Il tribunale del Riesame, dopo un annullamento con rinvio da parte della Cassazione, ha infatti annullato l’ordinanza di custodia cautelare con la quale il 3 marzo scorso l’imputato era finito agli arresti domiciliari. Adesso è libero.

I giudici hanno accolto le tesi degli avvocati Marcello Montalbano, Giovanni Immordino e Andrea Bellafiore, dopo un lungo iter. L’arresto era stato infatti confermato in prima battuta dal Riesame, ma poi la Suprema Corte aveva disposto che la decisione venisse rivista.

Oggi un nuovo collegio del tribunale ha di fatto sancito che non vi fossero i gravi indizi colpevolezza necessari per mandare ai domiciliari l’ex funzionario di Palazzo delle Aquile.

Già da ottobre la misura cautelare era comunque scaduta per decorrenza dei termini e Li Castri era sottoposto soltanto al divieto di dimora a Palermo. Adesso torna completamente libero.

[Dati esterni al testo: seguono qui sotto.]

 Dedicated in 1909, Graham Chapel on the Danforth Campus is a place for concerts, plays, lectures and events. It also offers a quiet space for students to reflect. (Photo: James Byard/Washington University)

Per lui, l’11 gennaio, inizierà il processo, dopo la richiesta di giudizio immediato del procuratore aggiunto Sergio Demontis e dei sostituti Giovanni Antoci ed Andrea Fusco, che hanno coordinato le indagini della guardia di finanza.

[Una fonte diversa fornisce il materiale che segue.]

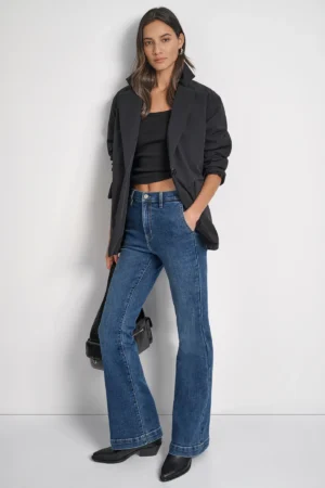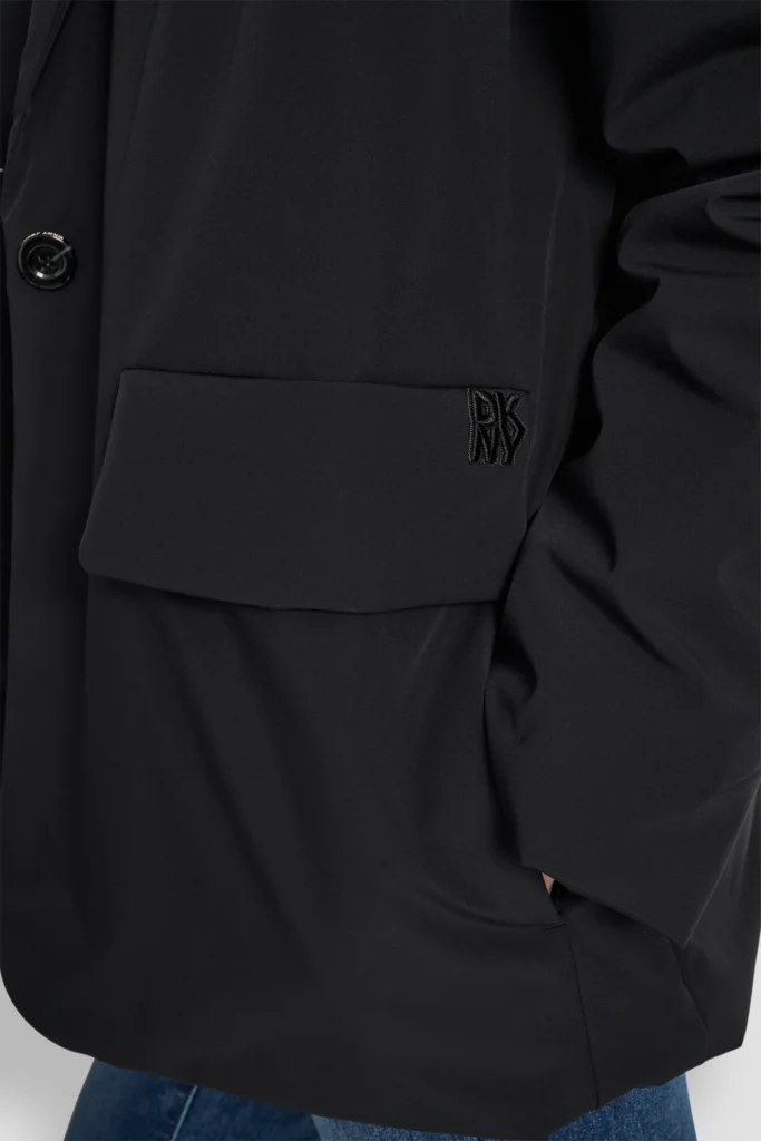 ASV modes zīmola DKNY melna sieviešu žaketes stila virsjaka ar viegli polsterētu struktūru. Izgatavota no elastīga neilona materiāla. Papildināta ar iešūtām sānu kabatām un vientoņa logo izšuvumu uz dekoratīvā atloka.

Sul banco degli imputati ci saranno anche Giuseppe Monteleone, già dirigente dello Sportello unico delle Attività produttive, l’architetto Fabio Seminerio, gli ex consiglieri comunali Giovanni Lo Cascio (già capogruppo del Pd e presidente della commissione Urbanistica del Comune), e Sandro Terrani, all’epoca capogruppo di Italia viva, membro della commissione Bilancio, ma anche i costruttori della Biocasa srl, Giovanni Lupo e Francesco Lo Corte, Agostino Minnuto, direttore dei lavori di un cantiere della Biocasa e l’architetto Giovanna D’Attardi, compagna di Monteleone, che dalla Biocasa avrebbe avuto diversi incarichi.